As a parent who has raised a son who is now 20 and another son who 17 I realize that I have definitely done somethings wrong. Now I am raising seven-year-old twins and I do not want to repeat some of the same mistakes this book has not only given the research data and background as to why certain things fall apart but it is also given me insight as to how to correct them in my life as well as my children's.
"Eye opening. Must read for any parent"
This book explains so much. Why each generation is weaker than the last. Why so many think they have ADHD. Long term psychological effects of simple everyday actions.
This book offers a lot of hard truths, all of which are backed by years of experience, specific examples, and scientific studies. Additionally, this book provided deeper insight and more actionable advice than the dozen or so other books I have read about parenting and child development. I have already formed a plan on what I want to change and definitely intend to refer back to its lessons for years to come. Thank you.
Finally, the narrator did an excellent job. At times, when listening to books like this I find my mind wandering, especially if the narrator is monotone, but I was always eager to turn this on back on and listened with rapt attention.
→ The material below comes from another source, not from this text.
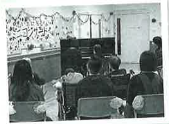
施設入所者とご家族と一緒にピアノを演奏(連弾)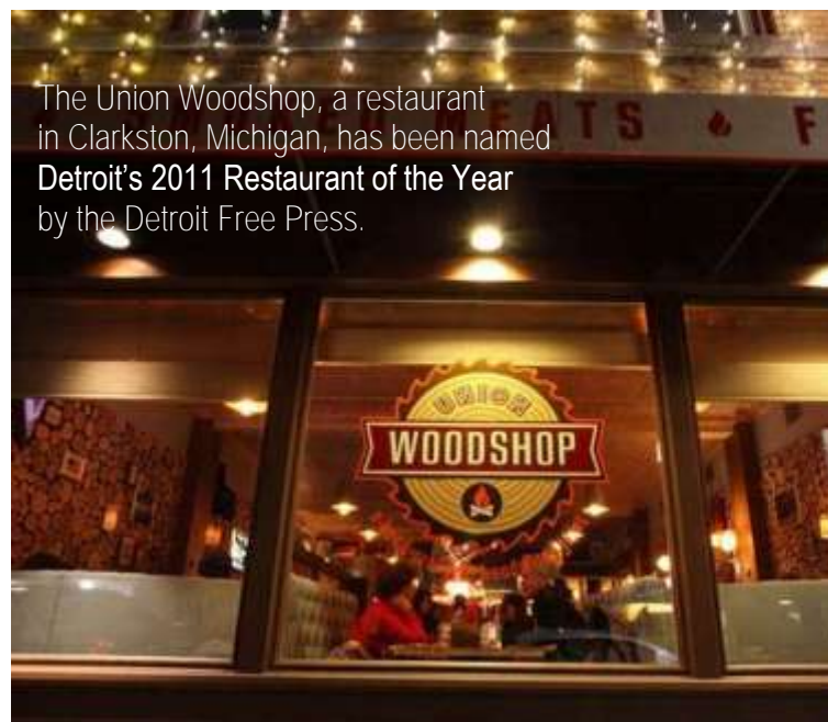
The Union Woodshop, a restaurant in Clarkston, Michigan, has been named Detroit's 2011 Restaurant of the Year by the Detroit Free Press.

There are many valuable lessons contained in this book. Prior to reading this I was under the impression that my kids were too young for me to begin worrying about the potential negative impacts of video games, mobile devices, social media and even limited non-linear television in their lives. Unfortunately, because mobile devices and social media have become so ubiquitous in the lives of my children's peers I believe that even if you do not intend to provide access to an iPad or iPhone to your child(ren) you must learn how these devices and media are shaping the world in which you are raising your child(ren).
Even if you do not agree with any of Leonard Sax's recommendations it does not erase the scholarly evidence that he has put into this book. And, that evidence will aid you in addressing how to ensure that technology has only, or perhaps mostly, a positive impact on the lives of your child(ren) as they become young adult(s).
Love the narration. The content is interesting and doable, rational is excellent. This book is very helpful.
"A must for EVERY American parent!"
This was an easy listen with extensive research to back up claims about how we are hurting our children by treating them like adults. I will listen again and again as there are multiple practical and practicable ways we can implement this model today. So helpful!